Life after 70
I am turning 79 in a few months. If you are younger than me, you probably worry about how you should live. If you are older than me, you probably giggle a little and think, “Been there, done that. It’s not as bad as anyone thinks.”
That is so true. Lately, I received something on my cell phone that I thought I really should reprint. It was sent to me by Nida, a friend of mine, a painter, whose age is almost exactly like mine. I love it because it puts into words almost exactly how I have chosen to live. Here it is, almost verbally:
“Dr. Wada in Japan advocates calling people over 70 years old ‘fortunate people’ rather than ‘elderly people.’ He summed up the secret of 70-year-olds becoming ‘lucky ones’ into 42 sentences. (Actually in the typing I realized it was not 42 but 30. Must be a minor counting error common after you’re 70.)

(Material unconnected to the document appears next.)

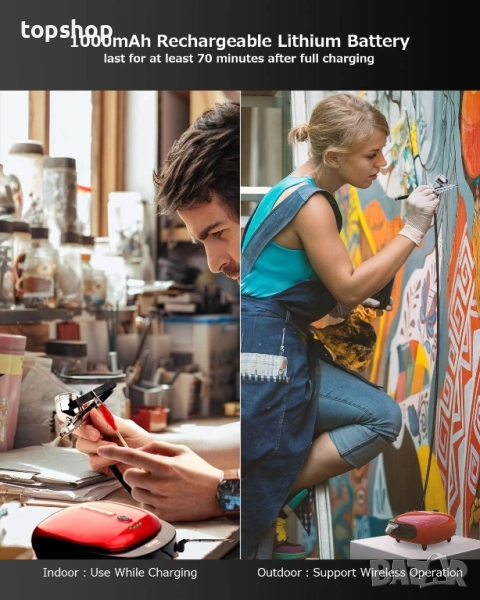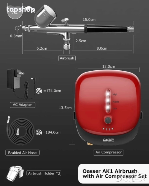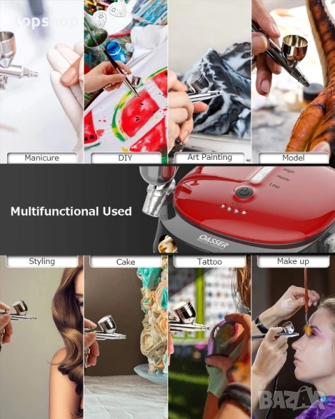 Многофункционален и с множество аксесоари - Този аерограф с мини компресор е интелигентен инструмент за оцветяване за повечето задачи, свързани с пръскане, боядисване и аерограф, помага ви да бъдете по-ефективни с времето си и да свършите повече за по-малко време. Перфектен за рисуване на изкуство, оцветяване на модели, занаяти, „Направи си сам“, грим, декорация на торти, ноктопластика и т.н. Много подходящ за начинаещи и любители на оцветяването. Предлага се с различни аксесоари, може да задоволи всички ваши нужди.

Seniors over the age of 70 do not need regular physical examinations because the "standard of health" varies from person to person. He also said: "Don’t believe what doctors say. This is because doctors are in contact with patients, so they do not understand what health is." At the same time, Dr. Wada also opposes the long-term use of multiple drugs by the elderly and advocates "only take necessary drugs when necessary." In other words, taking medicine to prevent something makes little sense.
According to this point of view, the elderly do not need to take sleeping pills frequently. Loss of sleep time as you age is a natural phenomenon, and no one dies from insomnia. Twenty-four hours a day, sleep whenever you want, wake up whenever you want: This is the privilege of the elderly.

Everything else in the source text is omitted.